朝鮮半島の緊張が高まっている。北朝鮮は、核・ミサイル問題をめぐる韓国の独自制裁に対し、「対決と戦争に追い込む宣戦布告だ」と反発している。

 経済協力の象徴だった開城工業団地を「軍事統制区域」だと宣告し、軍部隊を配置する可能性を示唆している。南北間を結ぶ直通電話も通じなくした。

 緊張を高めた末に、譲歩を引き出そうとする「瀬戸際戦術」に新味はない。そんな常套(じょうとう)手段は問題の解決につながらない。北朝鮮は行動パターンの愚かさを早く悟るべきである。
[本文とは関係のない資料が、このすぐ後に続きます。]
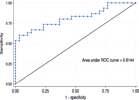 Figure 2. ROC showing an AUC of 0.814 (95%CI 0.704–0.925) at a discriminatory serum IL-6 cut-off value of 365.1 ng/mL.
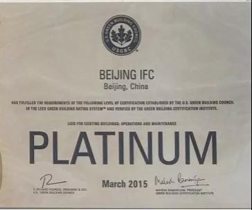 北京IFC同步國際節(jié)能、環(huán)保設(shè)計標準,榮獲LEED-EB鉑金級認證。
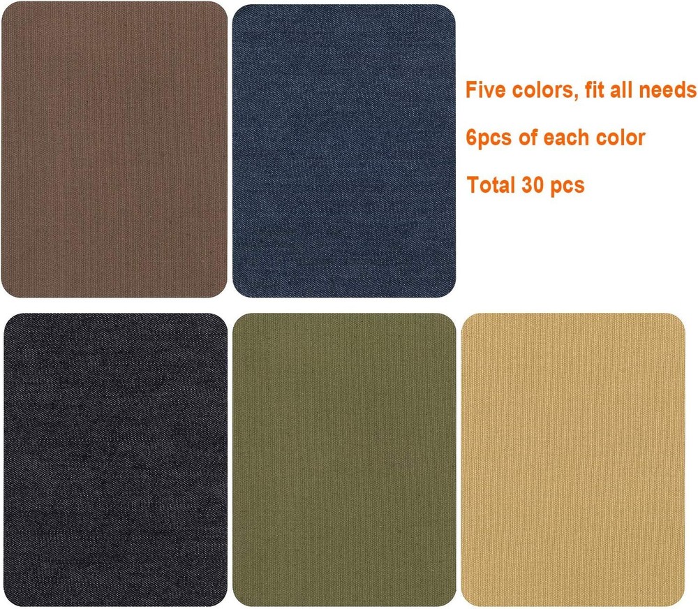 Description Package contains 30 pcs of 4.9 x 3.7 inch iron on patches. Each color 6pcs. 5 different colors denim patches will fit with almost every kind of jeans. Black, coffee, navy, brown and dark green. Iron-On Patches are ideal for mending, reinforcing and decorating many different applications. Easy to applied on fabric: only few minutes will take to repair or decorate your clothes. Perfect for repair and decoration: Prolong the life of your favorite clothes or breathe into the old new life by decorating it Awpeye Iron on patches are ideal for repair and decoration work pants and jeans, uniform shirts, skirts and jackets. Easy to repair your clothes only a few minutes. If you can operate an iron, you can make quality repairs, the iron on repair kit require not messy adhesives and no sewing, patches on to your pants where is ripped and get that backed. While most iron-on denim jean patches on the market are stiff and tend to start peeling off after being applied, our denim patches apply in seconds and last an incredible number of wash and dry cycles. It was washable, allow for machine wash and tumble dry, and they last long. PACKAGE INCLUDES: 6PCS Navy Iron On Patches 6PCS Black Iron On Patches 6PCS Coffee Iron On Patches 6PCS Brown Iron On Patches 6PCS Dark Green Iron On Patches Item Size: 4.9 x 3.7 Inch NOTE: Do not iron with steam. Not recommended for use on nylon, or rayon. The patches are ironed on outside of the jeans not inside.
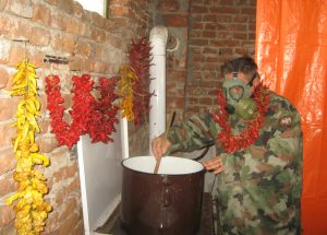 I zaista, ljutina se oseća u vazduhu. Nije preporučljivo biti blizu smese ni kada se melje, a pogotovu kada se kuva na šporetu bez zaštite. Prvi simptomi su blagi kašalj, kijanje, a potom kapsaicin, koji je stabilan na visokim temperaturama, tera ljute suze na oči. Ako koža upije ovu materiju, ona može i do tri dana da se zadrži u porama.

 一方、最近では新たな動きとしてむしろ目立つのは、韓国政府の反応の方だ。朴槿恵(パククネ)大統領はじめ韓国政府高官からは、いささか穏当さを欠く言動が相次いでいる。

 朴大統領は1月の核実験のあと、北朝鮮に対し「核保有か、生存か」の選択を迫るような発言をして、さらなる緊張を生んだ。

 加えて韓国国防省はきのう、北朝鮮からの攻撃に備えて、すでに韓国軍の態勢を万全に整えていると強調した。ソウル近郊では早速、戦車などを使った最大級の訓練に踏み切った。
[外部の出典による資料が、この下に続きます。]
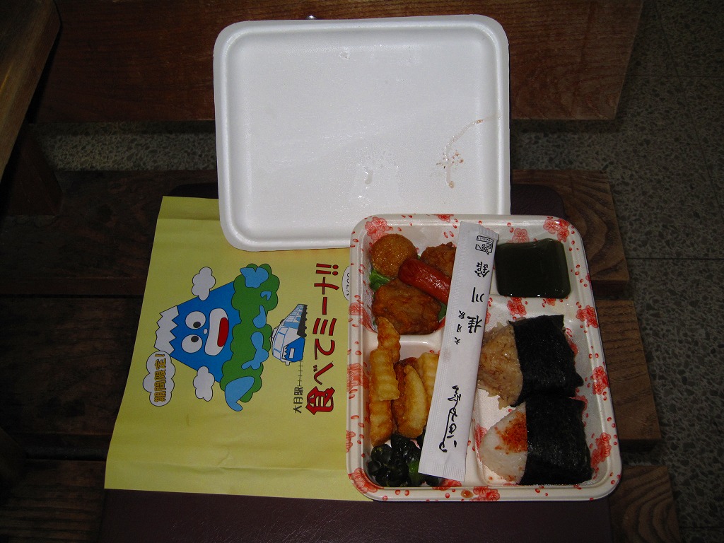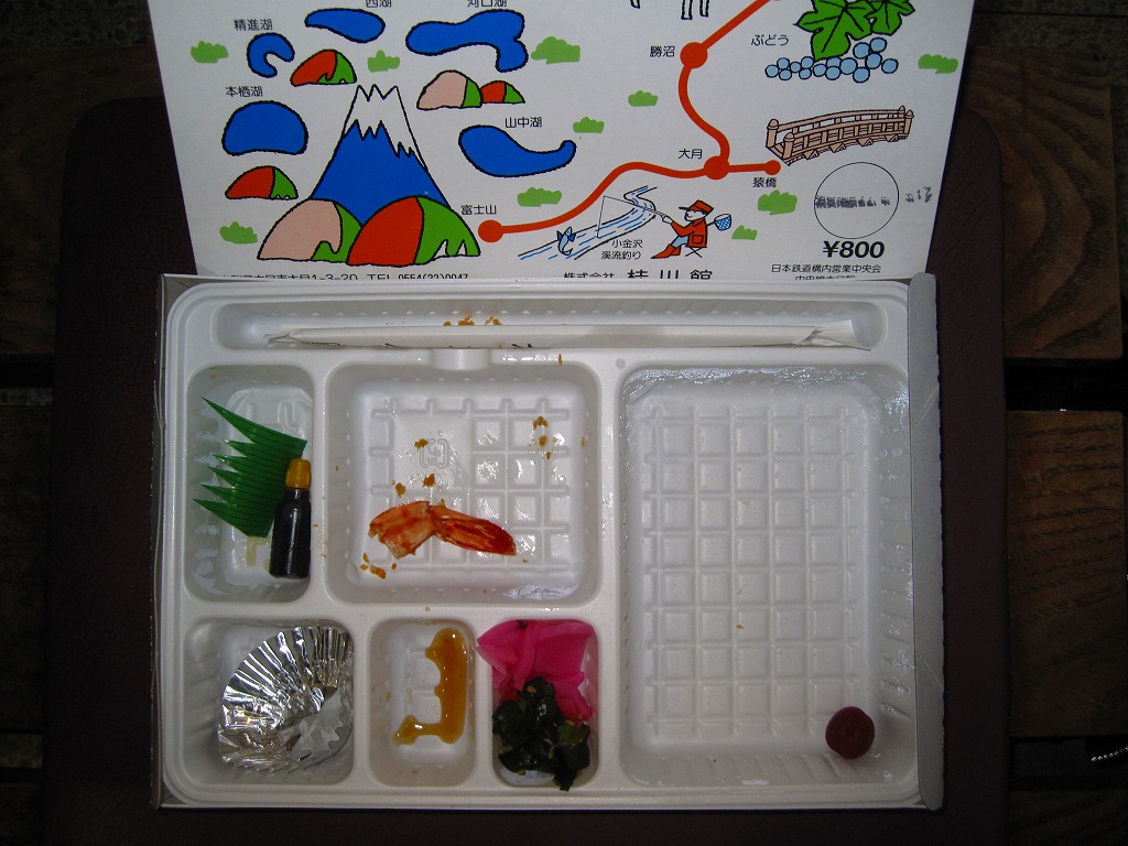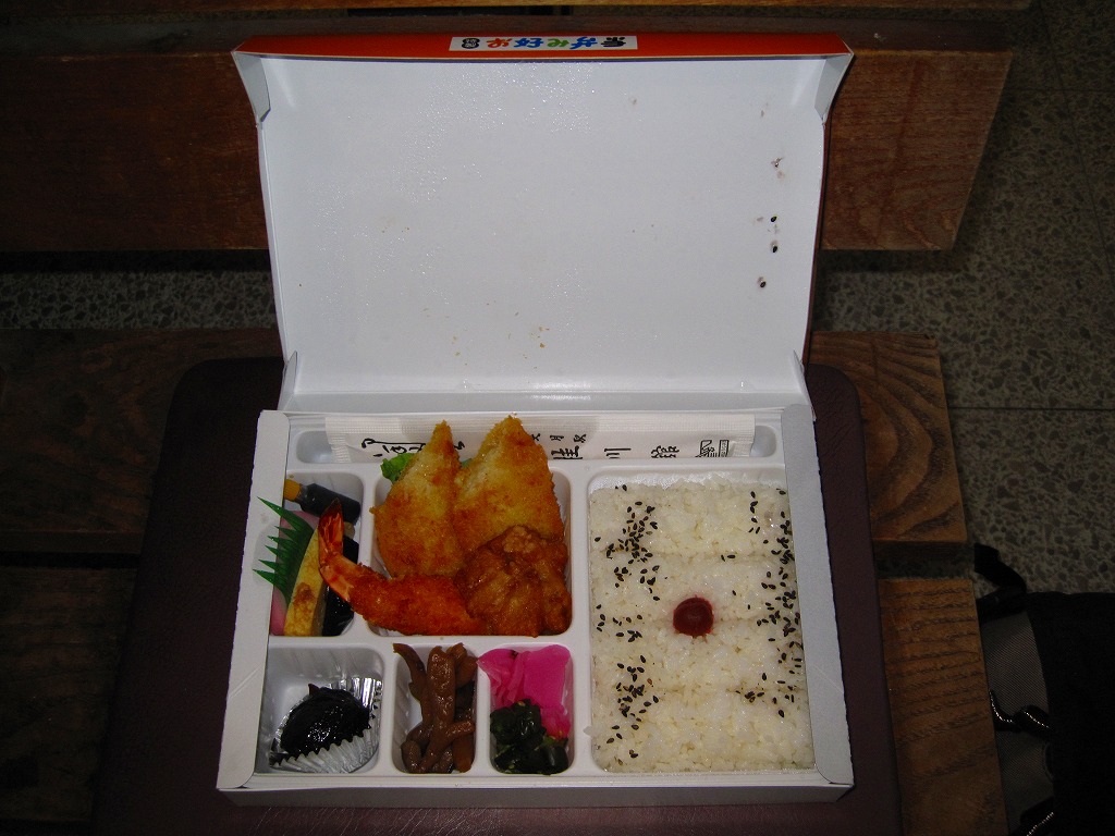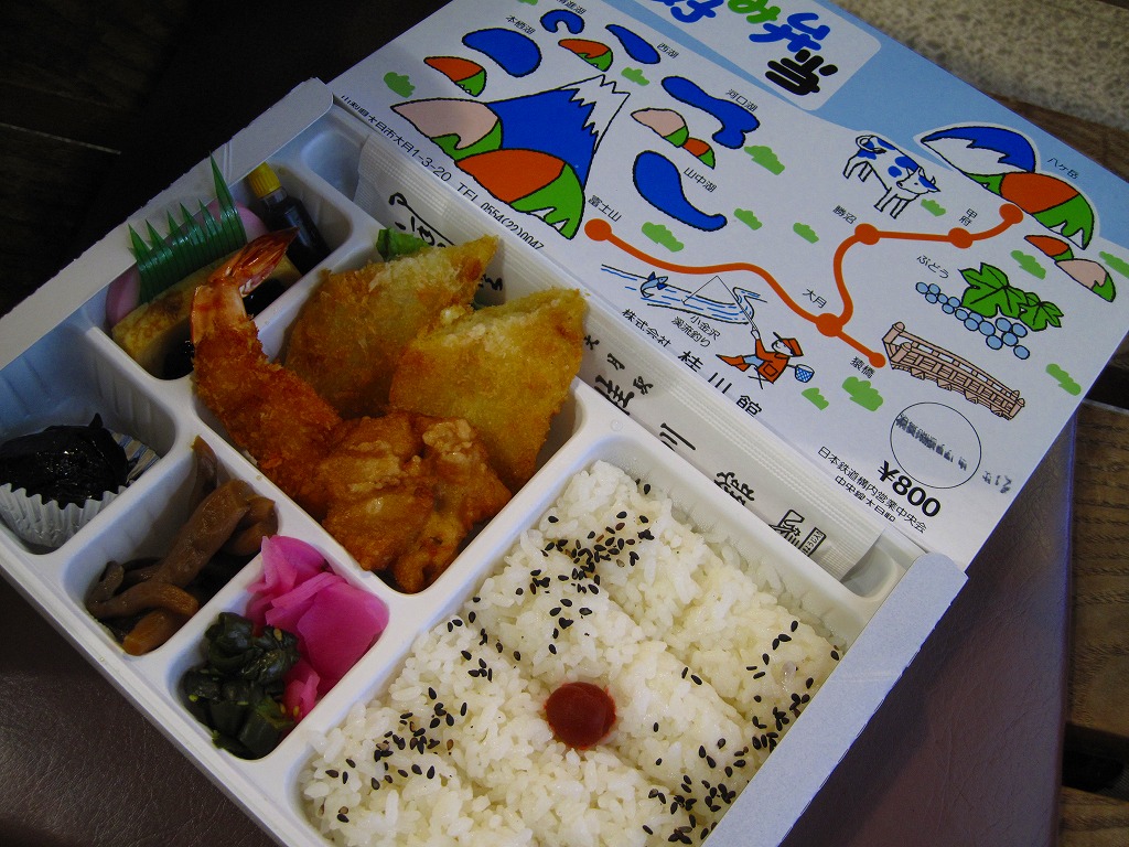 大月駅の幕の内弁当。ボール紙製の専用容器を使用、白いトレーに収まる中身は、日の丸御飯に白身魚フライ、鶏唐揚、エビフライ、カマボコと玉子焼と昆布巻、シメジ、漬物など。おそらく昭和の頃から容器も中身も進化を止めているのだろう、前向きに書けば希少になりつつある、コンビニやホカ弁がなかった頃の古き幕の内駅弁。石和から横浜まで自転車で走っている道中で食べたので、御飯が多く揚げ物ばかりのスタミナ食はうまかった。

 地域の平和と安定を乱す北朝鮮の暴挙に対し、一定の行動で対処するのは当然だ。日米と足並みをそろえ、核・軍事技術関係者や経済を対象に制裁を科すことは政治的に有効だろう。

 しかし、北朝鮮の「生存」を否定するかのような発言を繰り返せば、挑発にみすみす乗って緊張を高め、北朝鮮の術中にはまるだけだ。
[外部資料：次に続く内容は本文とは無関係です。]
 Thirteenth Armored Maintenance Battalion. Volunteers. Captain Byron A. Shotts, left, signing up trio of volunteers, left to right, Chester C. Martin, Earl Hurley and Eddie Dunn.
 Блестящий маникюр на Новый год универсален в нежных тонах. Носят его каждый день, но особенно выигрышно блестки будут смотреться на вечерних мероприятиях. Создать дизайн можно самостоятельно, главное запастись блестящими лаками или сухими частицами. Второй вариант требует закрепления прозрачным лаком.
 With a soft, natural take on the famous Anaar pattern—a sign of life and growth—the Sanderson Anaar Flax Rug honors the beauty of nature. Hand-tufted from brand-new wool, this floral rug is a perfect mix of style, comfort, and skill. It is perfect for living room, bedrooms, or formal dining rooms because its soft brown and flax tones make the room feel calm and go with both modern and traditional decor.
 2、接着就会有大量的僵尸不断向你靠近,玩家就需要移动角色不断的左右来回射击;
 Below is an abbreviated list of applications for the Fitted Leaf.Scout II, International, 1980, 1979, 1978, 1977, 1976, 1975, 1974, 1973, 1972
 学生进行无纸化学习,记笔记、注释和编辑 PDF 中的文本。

 韓国と北朝鮮は「国と国との関係」ではない。四半世紀近く前に発効した南北基本合意書にあるように「統一を志向する過程で暫定的に形成されている特殊な関係」である。

 その経緯を踏まえたうえで、朴政権は発足以来、新たな政策である「韓(朝鮮)半島信頼プロセス」を掲げ、南北の信頼づくりを唱えてきた。

 その流れと異なる最近の強硬発言は、制裁に慎重な中国向けのアピールという側面もあるかもしれないが、過激になれば説得力は逆に薄まる。

 歴代の韓国の政権も、北朝鮮の戦術には悩まされてきた。だが、ともに南北首脳会談を実現させた金大中(キムデジュン)、盧武鉉(ノムヒョン)の両政権は、抑えた厳しさと柔軟さを賢明に使い分けることで、関係進展の道を開いた。

 冷静さを保ちつつ、特殊な関係をふまえて北朝鮮を対話の席につかせる。そんな韓国のつらく長い取りくみを、日米両国も積極的に支えたい。